Writing `x^x` as `exp(x ln(x))` may give you a hint as to what the mystery number is. >!It’s 1/e, where e is Napier’s constant, the 2.718… thing you see *everywhere*.!<

# Why `0^0` is one

– Since `exp(x)` is a well-behaved function, the limit it approaches when stuff happens to its argument is the same as taking the limit of its argument and exponentiating it (i.e. applying the `exp` function).

– This is to say, for the moment we can just look at its argument, `x ln(x)`, see what it approaches, and finally put the exponentiation back to get our answer.

– For anywhere `0 < x < 1`, you’ll find `x` small but positive and `ln(x)` very negative, the latter even tending to negative infinity as x approaches zero.

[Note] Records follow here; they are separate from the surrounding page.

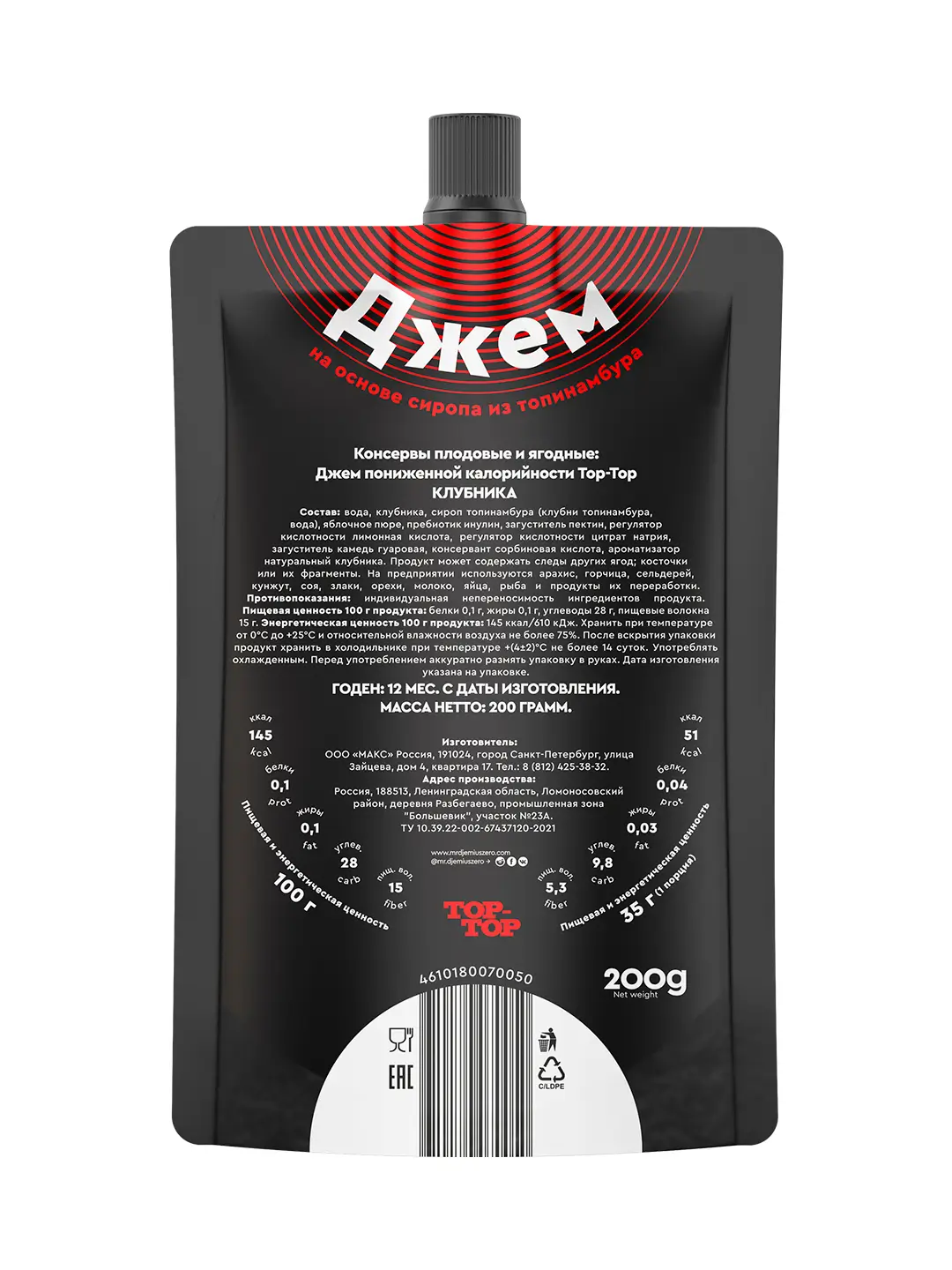 Клубничный джем без сахара Тор-Тор — это натуральный состав и отсутствие сахара: он сделан из спелой клубники и сиропа топинамбура. Содержание фруктовой части — 60%. Благодаря замене традиционного сахара на полисахариды — инулин и фруктозу, которые содержатся в топинамбуре, калорийность продукта в 2 раза ниже, чем у традиционного джема или варенья на основе сахара. А гликемический индекс меньше в 4 раза. Джем Тор-Тор «Клубника» содержит пребиотик и пищевые волокна: эти ингредиенты оказывают положительное воздействие на работу желудочно-кишечного тракта. В составе джема с корнем топинамбура отсутствуют ГМО и добавленный сахар — он отлично подойдет для, тех, кто следит за свои здоровьем, спортсменов, сторонников полезного питания и ЗОЖ, это замечательный способ побаловать себя, даже сидя на диете! Тор-Тор можно употреблять с кашей, сырниками и творогом, намазать на печенье или хрустящий хлебец как приятное дополнение к чаю или кофе. А еще это полезный ингредиент для приготовления десертов! Упаковка дой-пак с завинчивающейся крышкой удобна для хранения и дозирования сладости. Попробуй все вкусы джемов Тор-Тор без сахара на основе сиропа топинамбура и зарядись позитивом на целый день!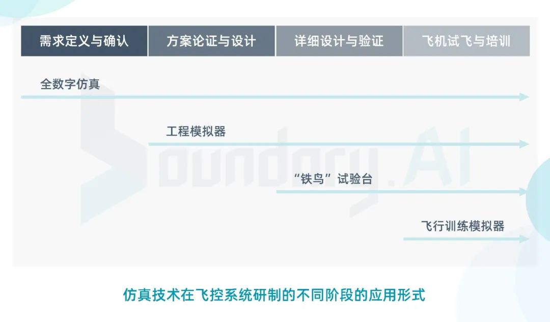仿真形式表现为全数字仿真环境、工程模拟器、“铁鸟”综合试验台和飞行训练模拟器,主要工作包括进行试飞问题复现,完善系统软硬件设计,完善控制律结构参数,协助完成试飞员培训。
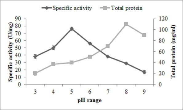 Maximum enzyme production (76 U/mg) was demonstrated at optimum pH 5 (figure 3), corroborates with an earlier study on FAE production from Aspergillus niger strain CFR 1105 (24). Furthermore, It was observed that the enzyme production was very good in the range of 5.0 to 7.0; however, the enzyme reduced drastically at pH value less than 5.0 and more than 7.0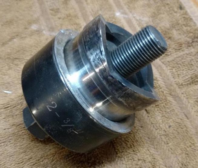 The rubber seal is intended to fit into 2-5/16" housing bore (2.312"). The heal of the punch shown above has been turned down in a lathe to 2.300" or 2.310" diameter. If you have a rubber covered seal it might be forced to fit into the smaller bore, but if you have a steel shell seal the bore size in the finished cover will have to be very close to 2.312" (original size).

The result of multiplying the two (or rather, what happens to that result as you go near zero) is thus not very intuitive to guess – it can be anything from negative infinity to zero, depending on how quickly the two approaches their limiting values.

– For this we have to use **l’Hôpital’s rule**, which basically says that if you have two things both approaching zero (or both diverging to infinity) at some point, and if the ratio between their respective rates (i.e. derivatives) turns out to be something nice, the ratio between said things as you go to said point approaches whatever the ratio between those rates approaches.

– Here we’re looking at an infinity times zero, but we can rearrange it to get `x ln(x) = ln(x) / (1/x)` – hey presto, we get our infinity divided by infinity. And by taking the derivatives of the numerator and the denominator, we see that the ratio tends to zero.

– Raising any positive number to the zeroth power results in one; and since `exp(x) = e^x`, our limit is also one at `x = 0`

# Why do we have a minimum

– `exp(x)`, `x` and `ln(x)` are all **monotonically increasing** functions in x, meaning that their value always increases as you increase their argument. They are also continuous over the entire positive real line, i.e. for all `x > 0`. Plus they are also **differentiable** over said range, implying that their n-th derivatives are also all continuous, no matter how big n is.

– Hence, asking whether our function attains a minimum is the same as asking whether `f(x) := x ln(x)`, the argument to the outermost exponential function, does so.

– For `x > 1`, it is obvious that f(x) increases since both `x` and `ln(x)` are positive and increasing.

– Previously, we got that the limit of f(x) as you approaches zero from above (i.e. the positive side) is also zero. We also note that f(x) is zero at one since `ln(1) = 0`.

– We’ve also established that for `0 < x < 1` f(x) is negative. This means that for very small values of x, f(x) must be decreasing, going from (the limit) zero to a negative value.

– So at the two ends of the interval `0 < x < 1`, f(x) is respectively decreasing and increasing. This means that its derivatives are respectively negative and positive.

– Since the (first) derivative of f(x) is continuous, there must have been at least one point in the interval that it attains the value zero, flipping from the negative into the positive. This is the result of the **intermediate value theorem**, and such is a stationary point of f(x).

– Noting that the point is smaller than its surroundings, we see that it is indeed a minimum.

# Why the minimum is what it is

It is trivial to get the minimum at `1/e` with calculus.* While this does sound unfulfilling, you may feel better looking at our form of f(x), which involves a natural logarithm (i.e. logarithm to base `e`); it is then not surprising to see that `e` is involved in the answer to “where the minimum of f(x) is”.

* EDIT: explicitly: the derivative `d/dx(x ln(x)) = d(x)/dx ln(x) + x d(ln(x))/dx = ln(x) + 1`. At the minimum it must be zero, so we need `ln(x) = -1` and thus `x = 1/e`.